**Your goal**
Print the lines below from the line with "Tallerken med blå blomst" to the line with "A Camiseta Raglan" exactly, keeping both ends, and print no pictures.

**Extracted information**
• • • •

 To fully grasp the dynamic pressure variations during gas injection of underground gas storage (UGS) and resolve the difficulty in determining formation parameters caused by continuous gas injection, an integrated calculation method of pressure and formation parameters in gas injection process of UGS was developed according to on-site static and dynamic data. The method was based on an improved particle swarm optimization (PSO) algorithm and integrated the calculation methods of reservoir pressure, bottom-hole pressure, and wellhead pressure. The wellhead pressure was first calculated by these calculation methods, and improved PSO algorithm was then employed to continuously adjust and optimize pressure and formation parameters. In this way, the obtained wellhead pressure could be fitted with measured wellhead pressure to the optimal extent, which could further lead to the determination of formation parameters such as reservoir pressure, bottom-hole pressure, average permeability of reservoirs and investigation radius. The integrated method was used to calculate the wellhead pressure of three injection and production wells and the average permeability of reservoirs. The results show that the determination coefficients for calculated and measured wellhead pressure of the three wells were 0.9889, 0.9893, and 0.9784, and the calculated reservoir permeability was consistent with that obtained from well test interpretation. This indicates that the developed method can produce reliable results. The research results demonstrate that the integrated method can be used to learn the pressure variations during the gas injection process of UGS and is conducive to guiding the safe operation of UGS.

• • • •

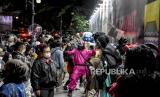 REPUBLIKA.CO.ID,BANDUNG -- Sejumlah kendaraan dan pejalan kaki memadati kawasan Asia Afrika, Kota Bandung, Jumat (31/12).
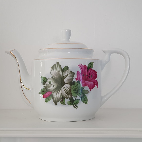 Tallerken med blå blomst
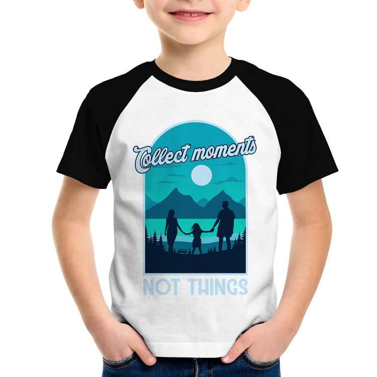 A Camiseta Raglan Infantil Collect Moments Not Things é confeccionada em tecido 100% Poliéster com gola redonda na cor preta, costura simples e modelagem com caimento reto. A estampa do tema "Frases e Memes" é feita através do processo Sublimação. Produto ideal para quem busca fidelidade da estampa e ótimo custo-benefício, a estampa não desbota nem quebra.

• • • •

**Answer**
 Tallerken med blå blomst
 A Camiseta Raglan Infantil Collect Moments Not Things é confeccionada em tecido 100% Poliéster com gola redonda na cor preta, costura simples e modelagem com caimento reto. A estampa do tema "Frases e Memes" é feita através do processo Sublimação. Produto ideal para quem busca fidelidade da estampa e ótimo custo-benefício, a estampa não desbota nem quebra.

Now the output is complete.